BEIJING — Saying Malaysia Airlines needs a “complete overhaul” following two devastating air disasters, the Malaysian government’s strategic investment fund on Friday proposed buying out the approximately 30 percent of the carrier’s shares it does not own and delisting it as a publicly traded company.
“The proposed restructuring will critically require all parties to work closely together to undertake what will be a complete overhaul of the national carrier on all relevant aspects of … the airline’s operations, business model, finances, human capital and regulatory environment,” the fund, Khazanah Nasional Berhad, said in a statement.
“Nothing less will be required in order to revive our national airline to be profitable as a commercial entity and to serve its function as a critical national development entity.”
Khazanah said it was offering more than $400 million for the stock it does not hold, paying shareholders a 12.5 percent premium over Thursday’s closing price.
Trading of the airline’s shares was suspended Friday in Kuala Lumpur, but no immediate changes to the airline’s operations were announced. The airline has about 360 flights per day to 60 destinations, with a capacity for about 50,000 passengers.
Even before the disappearance of Flight 370 in March and the downing of Flight 17 over strife-torn Ukraine last month, the carrier had been losing money, and the twin losses severely exacerbated its financial problems and its stock has plunged.
Khazanah’s managers said the proposed delisting of Malaysia Airlines shares represented “the first stage” of the restructuring program and that the fund was in the final stages of completing the overall restructuring proposal. More detailed plans are expected to be released at the end of August, pending approvals from government regulators and the Ministry of Finance.

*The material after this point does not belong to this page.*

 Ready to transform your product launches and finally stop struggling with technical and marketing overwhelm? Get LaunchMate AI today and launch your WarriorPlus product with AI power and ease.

Flight 370 vanished en route from Kuala Lumpur to Beijing with 239 people aboard, and five months later, no wreckage from the Boeing 777 has yet been found.

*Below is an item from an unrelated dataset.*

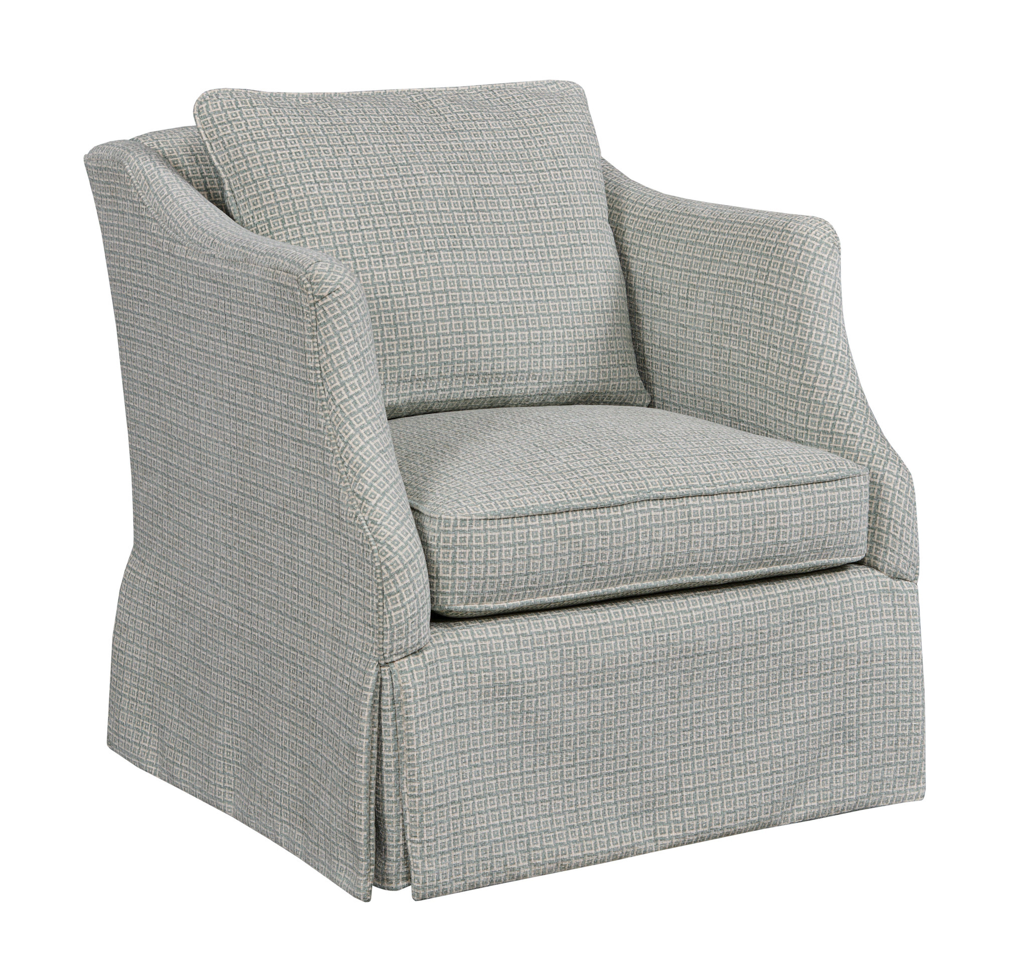 The Aubree swivel glider makes style comfortable. With tall arms and subtle shapes it works well in a variety of spaces. The dressmaker skirt gives it a clean, flowing design and adds a sense of elegance in applications from traditional to contemporary decor.

Vessels from Australia, Malaysia and China are continuing to survey a swath of the southern Indian Ocean floor in preparation for a deep-sea search, which is expected to begin in September.
Meanwhile, efforts to recover evidence and remains from the Flight 17 crash site in eastern Ukraine remain incomplete as fighting in the area between pro-Russian separatists and Ukrainian forces is continuing.
All 298 people aboard the Boeing 777 died when the aircraft bound from Amsterdam to Kuala Lumpur went down on July 17; so far, about 228 coffins have been returned to the Netherlands. The majority of those on board were Dutch.
Dutch Prime Minister Mark Rutte this week said the search was being suspended as conditions in the area had become too dangerous.